What is required: Nothing but the pictures is dropped; write out all the remaining data below exactly.

Data shown:
────────────────
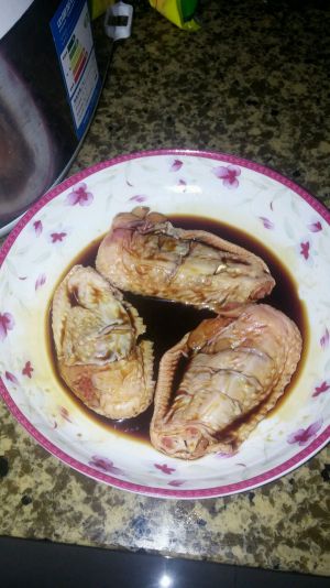 倒入可乐,浸过鸡翅三分之二即可,并放入花椒大料大蒜(整瓣),酱油三勺
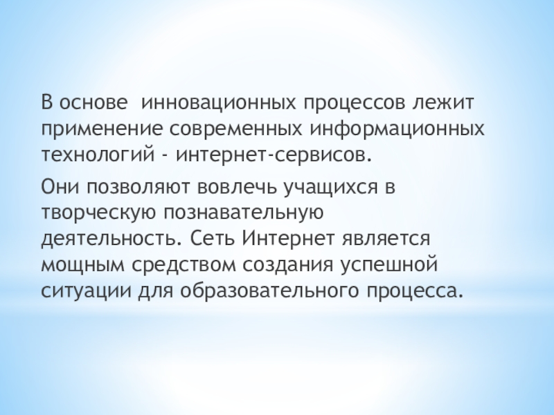 Слайд 4В основе инновационных процессов лежит применение современных информационных технологий - интернет-сервисов.
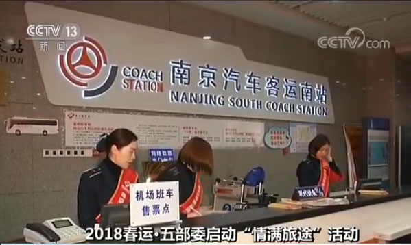 央視網(wǎng)消息:2月1日,交通運(yùn)輸部、公安部、國家安全生產(chǎn)監(jiān)督管理總局、中華總工會、共青團(tuán)中央在南京聯(lián)合啟動2018年春運(yùn)"情滿旅途"活動;顒右浴坝H情伴春運(yùn),溫暖在旅途”為主題,旨在讓旅客出行更便捷、更安全、更舒心。
────────────────
Written solution:
 倒入可乐,浸过鸡翅三分之二即可,并放入花椒大料大蒜(整瓣),酱油三勺
 Слайд 4В основе инновационных процессов лежит применение современных информационных технологий - интернет-сервисов.
 央視網(wǎng)消息:2月1日,交通運(yùn)輸部、公安部、國家安全生產(chǎn)監(jiān)督管理總局、中華總工會、共青團(tuán)中央在南京聯(lián)合啟動2018年春運(yùn)"情滿旅途"活動;顒右浴坝H情伴春運(yùn),溫暖在旅途”為主題,旨在讓旅客出行更便捷、更安全、更舒心。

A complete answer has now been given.